Train Yolo v3 to detect custom objects with FREE GPU

In this tutorial, I will demonstrate how to use Google Colab (Google's free cloud service for AI developers) to train the Yolo v3 custom object detector with free GPU

With Colab, you can develop deep learning applications on the GPU for free. It doesn't mean that you will be able to train only the Yolo model; we can train any model we want with the same technique.

Is the training Process Smooth???

Let's see some minor issues.

  1. While trying to connect to GPU runtime, it sometimes throws an error saying it can't connect. That's due to the heavy number of people trying to use the service. But Google plans to add more GPU machines;
  2. Sometimes, the runtime dies intermittently. There may be many underlying causes for this.
  3. The amount of ram available is ~13GB which is too good to be given for free. But we are talking about object detection, computer vision, and machine learning to face memory warnings with large models;
  4. Google Colab is a free service offered by Google where you can run python scripts and use machine learning libraries taking advantage of their powerful hardware. It's for free with the only disadvantage; you can use it for 12 hours in a row. After that, you'll be disconnected, and your files will be deleted. You can restart it again, but you'll need to do everything from scratch;
  5. All in all, if we would plan to train a large model, we may face memory and space issues.
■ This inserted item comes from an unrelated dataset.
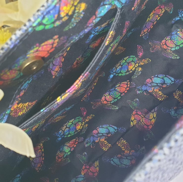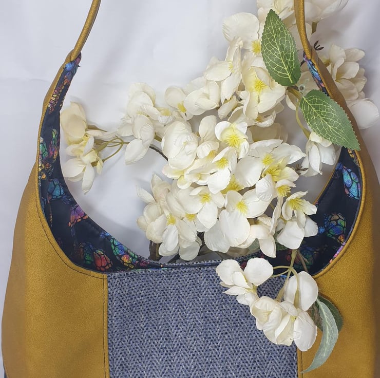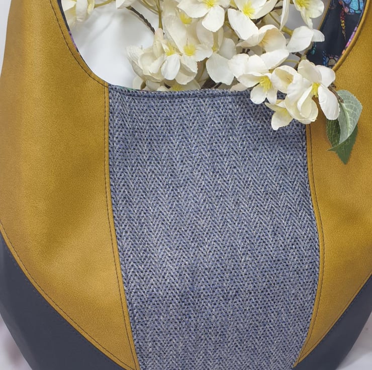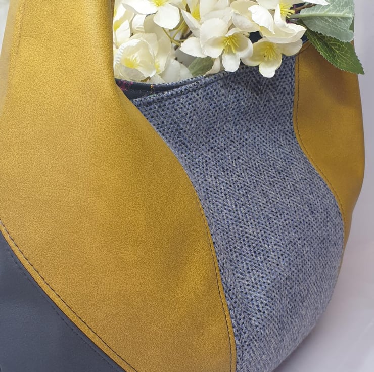 The Estrella bag, in nautical twilight Yorkshire tweed and charcoal grey and ochre Mora luxury faux leather, is a medium sized soft slouchy shoulder / tote bag. The shoulder length grab handle and the roomy interior make this a great bag for shopping or days out. It has a fun turtle cotton lining with a simple slip pocket and the top clips together with a magnetic clasp.

To solve 12 hours issue and file loss problem, we can connect Google Colab with Google Drive to avoid losing the files in case of disconnection!
  6. Repeat.

In this tutorial, I will explain one of the easiest ways to train YOLO v3 to detect a custom object if you don't have a computer with a strong GPU.
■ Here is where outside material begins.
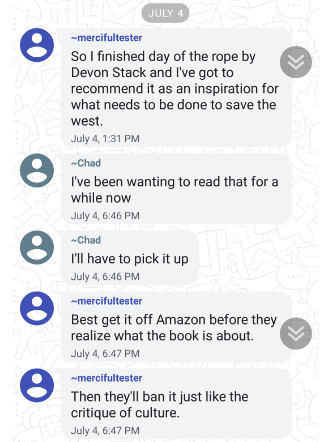 Here's Chad and an un-ID'd member of the chat talking about the book Day Of The Rope, a white supremacist novel about a violent white supremacist revolution. They are also upset that holocaust denial is frowned up.pic.twitter.com/ndVZXIj57E

You will need just a simple laptop (Windows, Linux, or Mac), as the training will be done online, taking advantage of the free GPU offered by google.

We can train Yolo to detect a custom object. I chose, for example, to train to detect a car license plate; you can select anything you prefer. In this part, I am not talking about dataset preparation. You can check it in my two previous tutorials (Link1 and Link2).
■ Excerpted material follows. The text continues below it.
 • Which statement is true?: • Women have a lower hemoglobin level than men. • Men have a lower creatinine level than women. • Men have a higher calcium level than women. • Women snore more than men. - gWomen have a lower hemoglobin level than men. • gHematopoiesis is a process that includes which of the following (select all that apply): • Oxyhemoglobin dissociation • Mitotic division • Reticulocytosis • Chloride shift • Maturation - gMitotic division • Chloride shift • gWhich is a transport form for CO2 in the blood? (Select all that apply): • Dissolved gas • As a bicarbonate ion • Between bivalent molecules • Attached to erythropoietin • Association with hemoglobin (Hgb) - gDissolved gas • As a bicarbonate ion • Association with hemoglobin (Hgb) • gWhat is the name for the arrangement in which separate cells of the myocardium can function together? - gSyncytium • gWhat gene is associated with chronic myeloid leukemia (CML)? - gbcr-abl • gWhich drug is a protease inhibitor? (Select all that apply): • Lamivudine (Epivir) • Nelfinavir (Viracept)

1. Prepare the Image dataset

As I said, I am not talking about dataset preparation in this part. But I recommend preparing the dataset, configuring the configs.py script, and checking if training starts at least locally for you. If training works, this means we can move to Google Colab. If you don't know how to do this step, you can check my two previous tutorials: Link1 and Link2.

2. Move everything to Google Colab:

Move the prepared folder to your local Google drive directory. This should look following (same project name as my GitHub repo):

You must be sure that all images are prepared, configurations changed according to your needs, and training works locally on the CPU.

In TensorFlow-2.x-YOLOv3, the repository, you should see YOLOv3_colab_training.ipynb file. Open it with Google Colaboratory in the following way:

3. Set up Google Colab:

We need to enable the GPU. So, click on "Edit" -> "Notebook settings", select "GPU", and click "SAVE:

Now, we may run the first cell (click on cell and pres CTRL+SHIFT) to Check if NVIDIA GPU is enabled. You may see a similar result:

In my example, I received the NVIDIA Tesla P100 GPU, as you can see, which is quite fast for our training.

Now we're ready to connect Colab with our Google Drive. To do so, run the cell where it's written from google.colab import drive and then click on the link that appears:

This link is used to grant access to your Google Drive. Once you enter, it asks you to allow the Google Drive File Stream. Click on "Allow". And then copy the code that appears:

Now, our Colab is ready for further use with our Google Drive files. The last step is to open our project directory by running next following cell:

To make sure that our Colab has all necessary libraries for our YOLO v3 project, we may install libraries from the requirements.txt file:

To make utterly sure that TensorFlow works with GPU, we can run the following code lines:

import tensorflow as tf
print(tf.__version__)
tf.test.gpu_device_name()

In the output, we should see similar results:

2.2.0
'/device:GPU:0'

This means that we are using TensorFlow with the 2.2.0 version, and the system sees one GPU.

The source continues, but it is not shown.